***** Data records

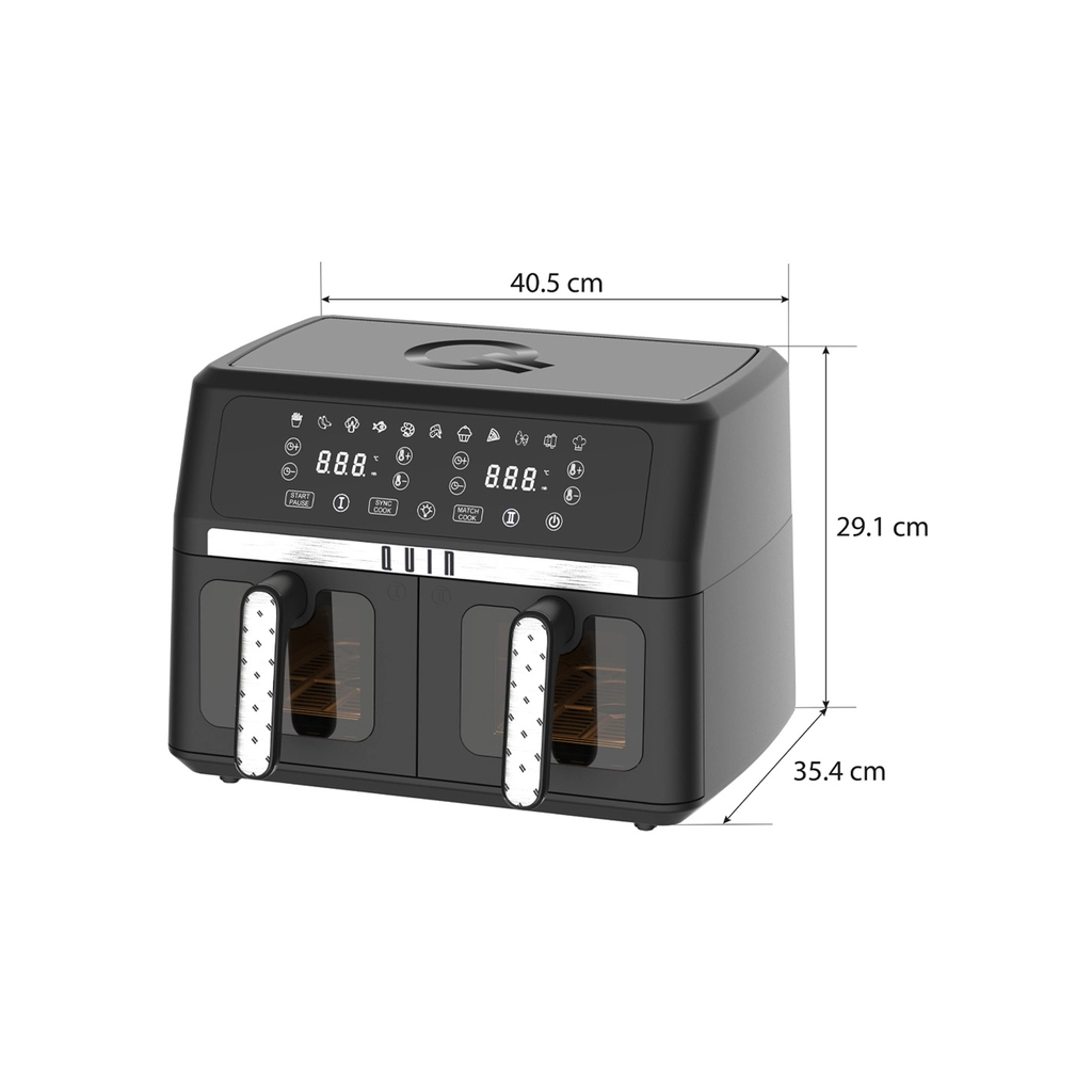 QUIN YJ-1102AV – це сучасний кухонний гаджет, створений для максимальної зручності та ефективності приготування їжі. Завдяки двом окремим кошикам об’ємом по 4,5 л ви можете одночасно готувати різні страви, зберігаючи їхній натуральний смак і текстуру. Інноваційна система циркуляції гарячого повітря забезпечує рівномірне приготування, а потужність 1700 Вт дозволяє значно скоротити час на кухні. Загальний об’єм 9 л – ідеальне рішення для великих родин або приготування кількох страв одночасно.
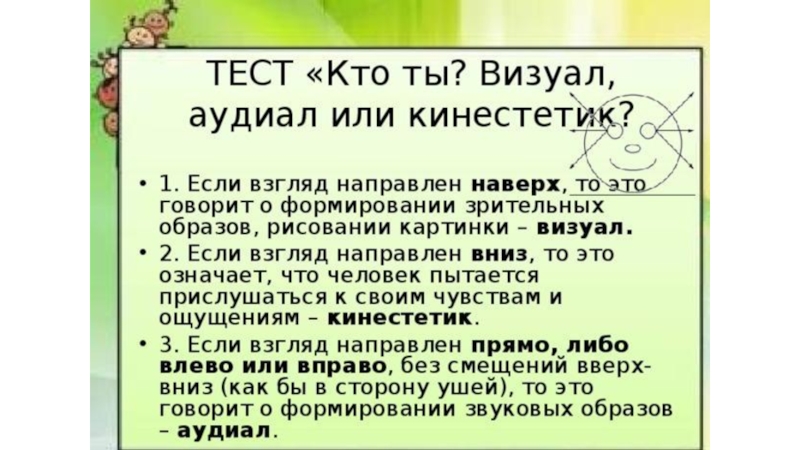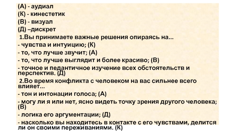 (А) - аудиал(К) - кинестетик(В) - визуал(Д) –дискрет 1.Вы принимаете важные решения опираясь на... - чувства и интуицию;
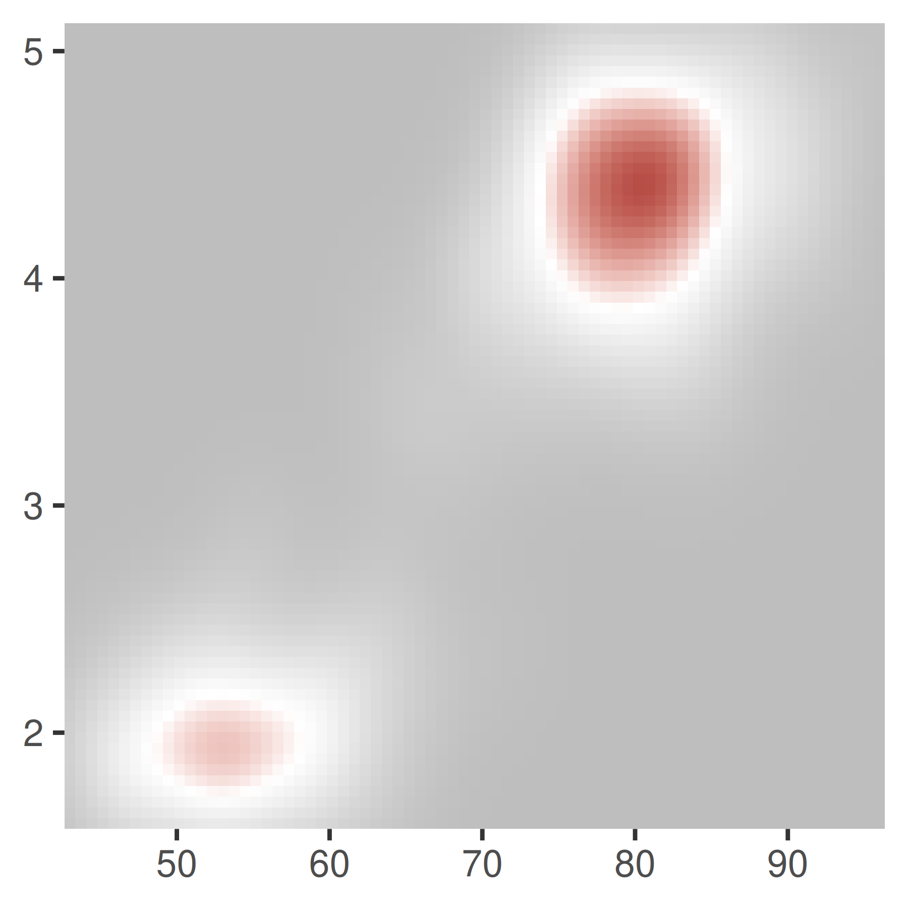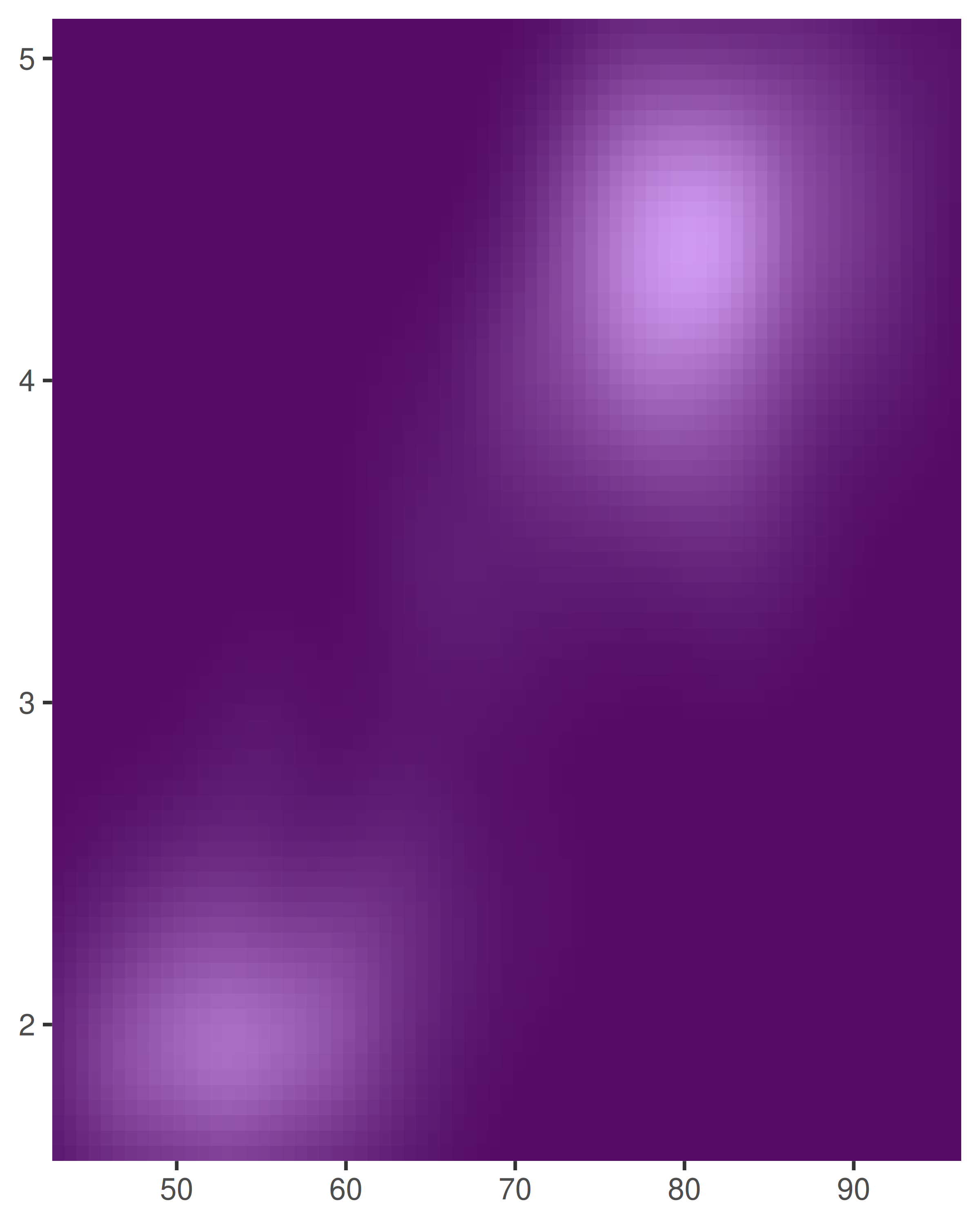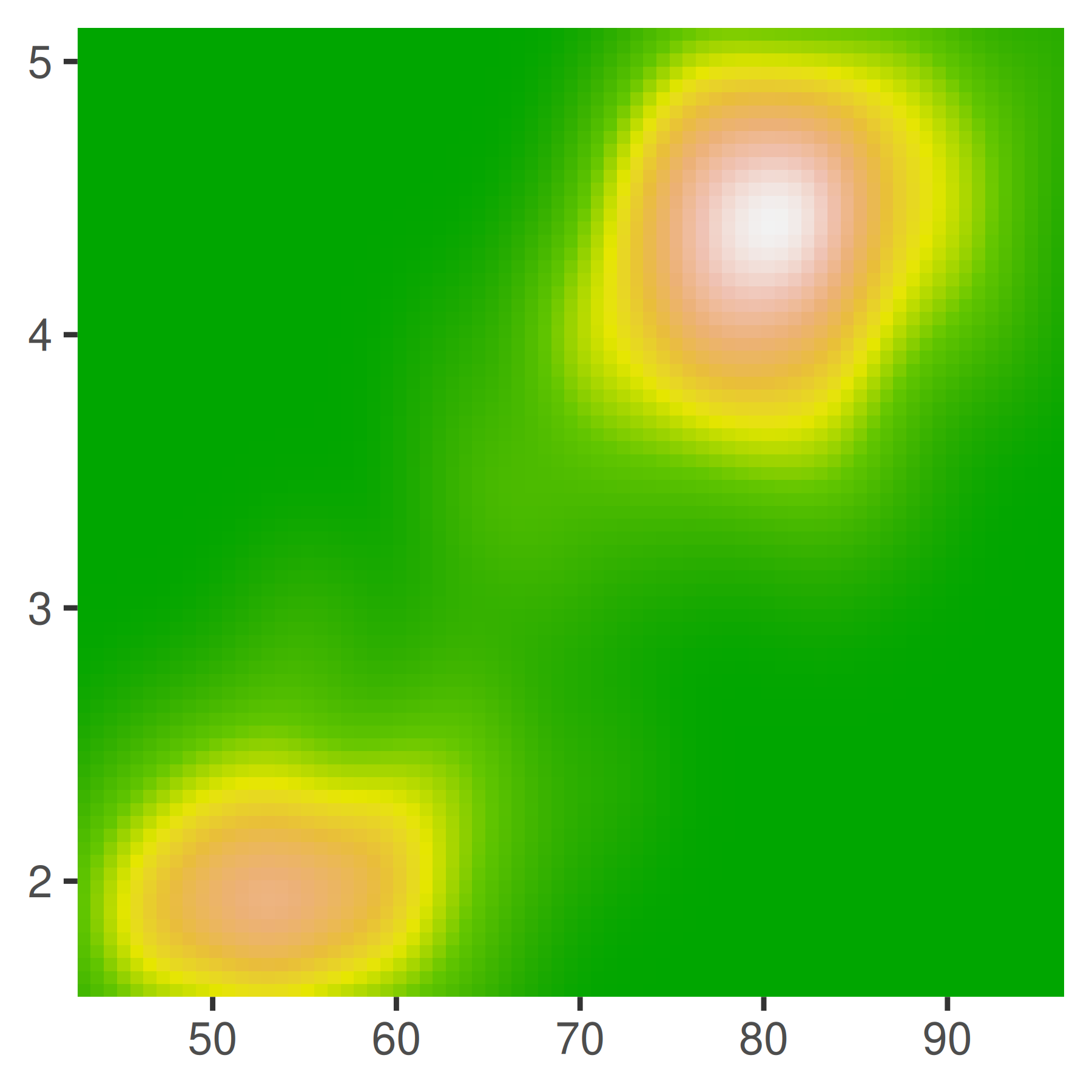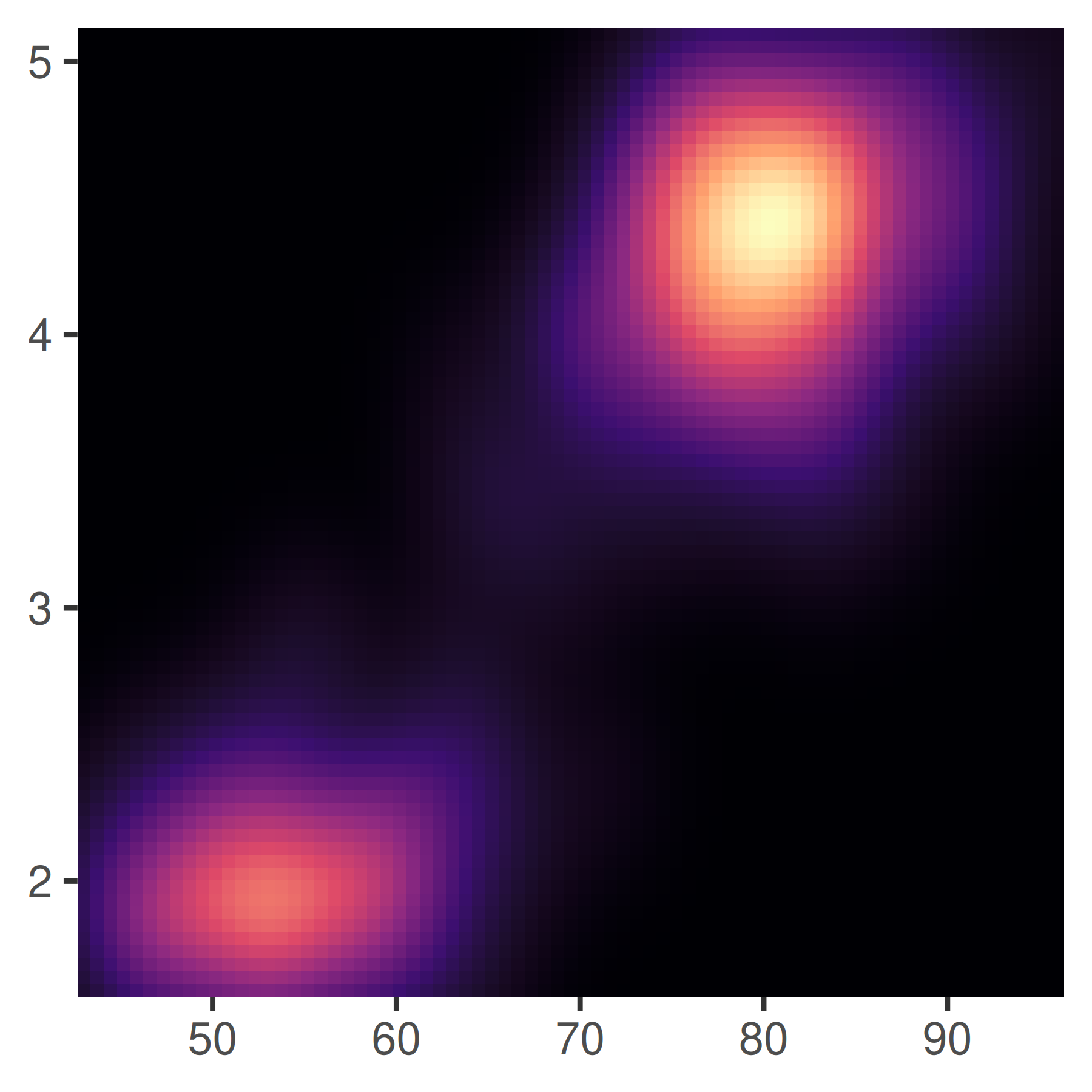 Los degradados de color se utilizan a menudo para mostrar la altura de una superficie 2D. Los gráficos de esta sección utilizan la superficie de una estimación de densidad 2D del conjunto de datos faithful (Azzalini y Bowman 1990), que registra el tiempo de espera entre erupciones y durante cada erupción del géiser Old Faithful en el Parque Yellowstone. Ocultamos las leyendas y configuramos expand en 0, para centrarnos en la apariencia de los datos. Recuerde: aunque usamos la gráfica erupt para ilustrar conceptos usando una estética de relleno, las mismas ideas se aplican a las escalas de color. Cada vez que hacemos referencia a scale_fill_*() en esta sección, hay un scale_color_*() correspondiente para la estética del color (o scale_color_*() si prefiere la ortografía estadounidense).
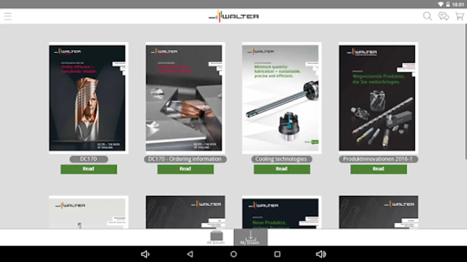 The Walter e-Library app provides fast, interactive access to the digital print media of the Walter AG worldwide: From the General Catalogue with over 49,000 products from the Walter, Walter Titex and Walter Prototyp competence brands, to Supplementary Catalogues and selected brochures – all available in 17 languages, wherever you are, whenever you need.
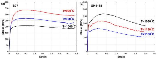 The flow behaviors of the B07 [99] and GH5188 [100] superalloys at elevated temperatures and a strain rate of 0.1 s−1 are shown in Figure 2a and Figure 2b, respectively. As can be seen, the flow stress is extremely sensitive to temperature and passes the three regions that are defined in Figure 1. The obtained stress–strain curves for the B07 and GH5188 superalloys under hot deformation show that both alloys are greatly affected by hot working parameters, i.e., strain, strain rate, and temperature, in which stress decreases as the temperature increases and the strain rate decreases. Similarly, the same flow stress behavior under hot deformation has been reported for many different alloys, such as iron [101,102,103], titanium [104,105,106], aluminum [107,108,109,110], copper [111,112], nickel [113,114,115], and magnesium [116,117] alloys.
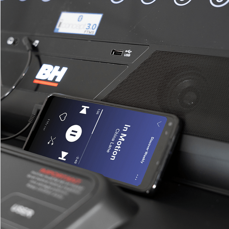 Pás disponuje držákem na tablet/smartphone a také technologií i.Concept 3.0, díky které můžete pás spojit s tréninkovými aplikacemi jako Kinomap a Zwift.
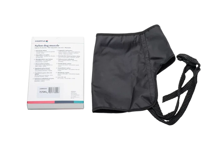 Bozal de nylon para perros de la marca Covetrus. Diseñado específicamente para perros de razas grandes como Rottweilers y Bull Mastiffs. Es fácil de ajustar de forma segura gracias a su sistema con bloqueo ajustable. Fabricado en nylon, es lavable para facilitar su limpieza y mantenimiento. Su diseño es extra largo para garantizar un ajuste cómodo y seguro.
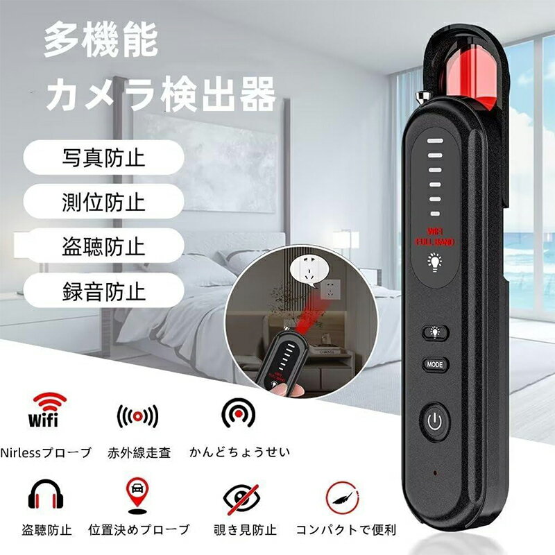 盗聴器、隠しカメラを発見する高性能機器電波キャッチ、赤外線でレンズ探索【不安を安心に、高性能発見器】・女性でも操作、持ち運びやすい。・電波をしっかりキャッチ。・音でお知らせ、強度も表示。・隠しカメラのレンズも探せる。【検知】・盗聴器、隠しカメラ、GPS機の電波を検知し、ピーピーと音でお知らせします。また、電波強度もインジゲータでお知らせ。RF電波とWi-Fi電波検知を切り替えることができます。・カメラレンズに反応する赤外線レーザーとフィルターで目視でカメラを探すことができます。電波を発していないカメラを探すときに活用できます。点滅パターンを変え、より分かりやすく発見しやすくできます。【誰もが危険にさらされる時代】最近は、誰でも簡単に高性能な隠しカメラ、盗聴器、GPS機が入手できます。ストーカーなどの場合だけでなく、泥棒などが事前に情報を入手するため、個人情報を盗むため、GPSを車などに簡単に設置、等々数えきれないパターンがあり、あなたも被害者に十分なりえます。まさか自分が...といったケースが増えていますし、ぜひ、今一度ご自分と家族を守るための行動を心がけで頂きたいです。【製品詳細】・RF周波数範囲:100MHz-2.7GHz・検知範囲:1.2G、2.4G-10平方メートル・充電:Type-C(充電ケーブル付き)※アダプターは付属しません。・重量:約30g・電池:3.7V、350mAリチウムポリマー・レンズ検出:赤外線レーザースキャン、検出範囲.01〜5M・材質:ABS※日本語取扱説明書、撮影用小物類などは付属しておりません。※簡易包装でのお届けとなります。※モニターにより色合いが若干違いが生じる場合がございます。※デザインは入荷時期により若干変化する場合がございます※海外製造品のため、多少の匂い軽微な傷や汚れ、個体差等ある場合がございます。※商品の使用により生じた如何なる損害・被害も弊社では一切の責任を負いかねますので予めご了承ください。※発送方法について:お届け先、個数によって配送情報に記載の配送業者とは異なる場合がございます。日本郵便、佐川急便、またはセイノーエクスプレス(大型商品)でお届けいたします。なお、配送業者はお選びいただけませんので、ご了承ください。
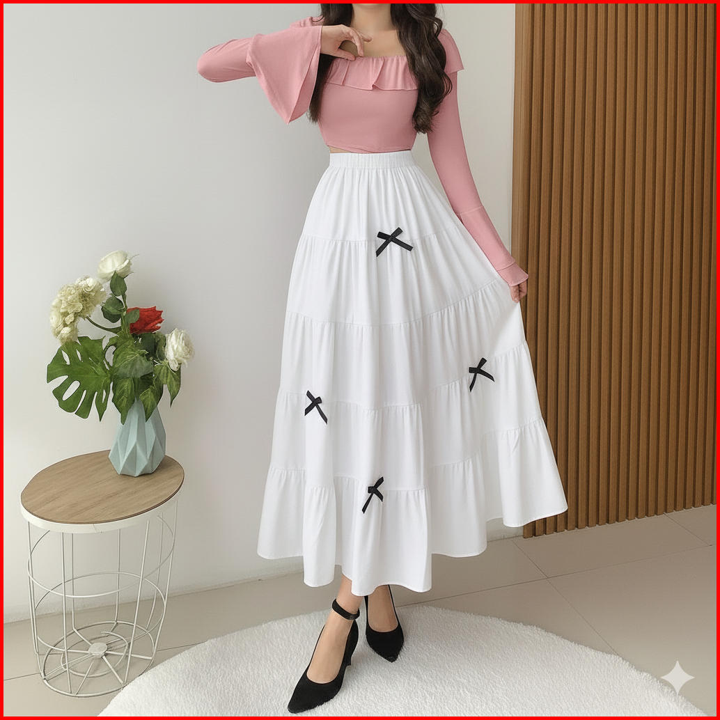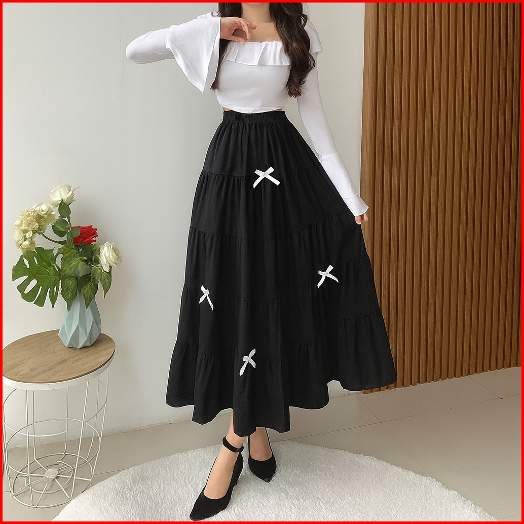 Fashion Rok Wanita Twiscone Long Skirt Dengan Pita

**********

Exercise goal
Give the entries again exactly. Pictures stay out.

Written response
 QUIN YJ-1102AV – це сучасний кухонний гаджет, створений для максимальної зручності та ефективності приготування їжі. Завдяки двом окремим кошикам об’ємом по 4,5 л ви можете одночасно готувати різні страви, зберігаючи їхній натуральний смак і текстуру. Інноваційна система циркуляції гарячого повітря забезпечує рівномірне приготування, а потужність 1700 Вт дозволяє значно скоротити час на кухні. Загальний об’єм 9 л – ідеальне рішення для великих родин або приготування кількох страв одночасно.
 (А) - аудиал(К) - кинестетик(В) - визуал(Д) –дискрет 1.Вы принимаете важные решения опираясь на... - чувства и интуицию;
 Los degradados de color se utilizan a menudo para mostrar la altura de una superficie 2D. Los gráficos de esta sección utilizan la superficie de una estimación de densidad 2D del conjunto de datos faithful (Azzalini y Bowman 1990), que registra el tiempo de espera entre erupciones y durante cada erupción del géiser Old Faithful en el Parque Yellowstone. Ocultamos las leyendas y configuramos expand en 0, para centrarnos en la apariencia de los datos. Recuerde: aunque usamos la gráfica erupt para ilustrar conceptos usando una estética de relleno, las mismas ideas se aplican a las escalas de color. Cada vez que hacemos referencia a scale_fill_*() en esta sección, hay un scale_color_*() correspondiente para la estética del color (o scale_color_*() si prefiere la ortografía estadounidense).
 The Walter e-Library app provides fast, interactive access to the digital print media of the Walter AG worldwide: From the General Catalogue with over 49,000 products from the Walter, Walter Titex and Walter Prototyp competence brands, to Supplementary Catalogues and selected brochures – all available in 17 languages, wherever you are, whenever you need.
 The flow behaviors of the B07 [99] and GH5188 [100] superalloys at elevated temperatures and a strain rate of 0.1 s−1 are shown in Figure 2a and Figure 2b, respectively. As can be seen, the flow stress is extremely sensitive to temperature and passes the three regions that are defined in Figure 1. The obtained stress–strain curves for the B07 and GH5188 superalloys under hot deformation show that both alloys are greatly affected by hot working parameters, i.e., strain, strain rate, and temperature, in which stress decreases as the temperature increases and the strain rate decreases. Similarly, the same flow stress behavior under hot deformation has been reported for many different alloys, such as iron [101,102,103], titanium [104,105,106], aluminum [107,108,109,110], copper [111,112], nickel [113,114,115], and magnesium [116,117] alloys.
 Pás disponuje držákem na tablet/smartphone a také technologií i.Concept 3.0, díky které můžete pás spojit s tréninkovými aplikacemi jako Kinomap a Zwift.
 Bozal de nylon para perros de la marca Covetrus. Diseñado específicamente para perros de razas grandes como Rottweilers y Bull Mastiffs. Es fácil de ajustar de forma segura gracias a su sistema con bloqueo ajustable. Fabricado en nylon, es lavable para facilitar su limpieza y mantenimiento. Su diseño es extra largo para garantizar un ajuste cómodo y seguro.
 盗聴器、隠しカメラを発見する高性能機器電波キャッチ、赤外線でレンズ探索【不安を安心に、高性能発見器】・女性でも操作、持ち運びやすい。・電波をしっかりキャッチ。・音でお知らせ、強度も表示。・隠しカメラのレンズも探せる。【検知】・盗聴器、隠しカメラ、GPS機の電波を検知し、ピーピーと音でお知らせします。また、電波強度もインジゲータでお知らせ。RF電波とWi-Fi電波検知を切り替えることができます。・カメラレンズに反応する赤外線レーザーとフィルターで目視でカメラを探すことができます。電波を発していないカメラを探すときに活用できます。点滅パターンを変え、より分かりやすく発見しやすくできます。【誰もが危険にさらされる時代】最近は、誰でも簡単に高性能な隠しカメラ、盗聴器、GPS機が入手できます。ストーカーなどの場合だけでなく、泥棒などが事前に情報を入手するため、個人情報を盗むため、GPSを車などに簡単に設置、等々数えきれないパターンがあり、あなたも被害者に十分なりえます。まさか自分が...といったケースが増えていますし、ぜひ、今一度ご自分と家族を守るための行動を心がけで頂きたいです。【製品詳細】・RF周波数範囲:100MHz-2.7GHz・検知範囲:1.2G、2.4G-10平方メートル・充電:Type-C(充電ケーブル付き)※アダプターは付属しません。・重量:約30g・電池:3.7V、350mAリチウムポリマー・レンズ検出:赤外線レーザースキャン、検出範囲.01〜5M・材質:ABS※日本語取扱説明書、撮影用小物類などは付属しておりません。※簡易包装でのお届けとなります。※モニターにより色合いが若干違いが生じる場合がございます。※デザインは入荷時期により若干変化する場合がございます※海外製造品のため、多少の匂い軽微な傷や汚れ、個体差等ある場合がございます。※商品の使用により生じた如何なる損害・被害も弊社では一切の責任を負いかねますので予めご了承ください。※発送方法について:お届け先、個数によって配送情報に記載の配送業者とは異なる場合がございます。日本郵便、佐川急便、またはセイノーエクスプレス(大型商品)でお届けいたします。なお、配送業者はお選びいただけませんので、ご了承ください。
 Fashion Rok Wanita Twiscone Long Skirt Dengan Pita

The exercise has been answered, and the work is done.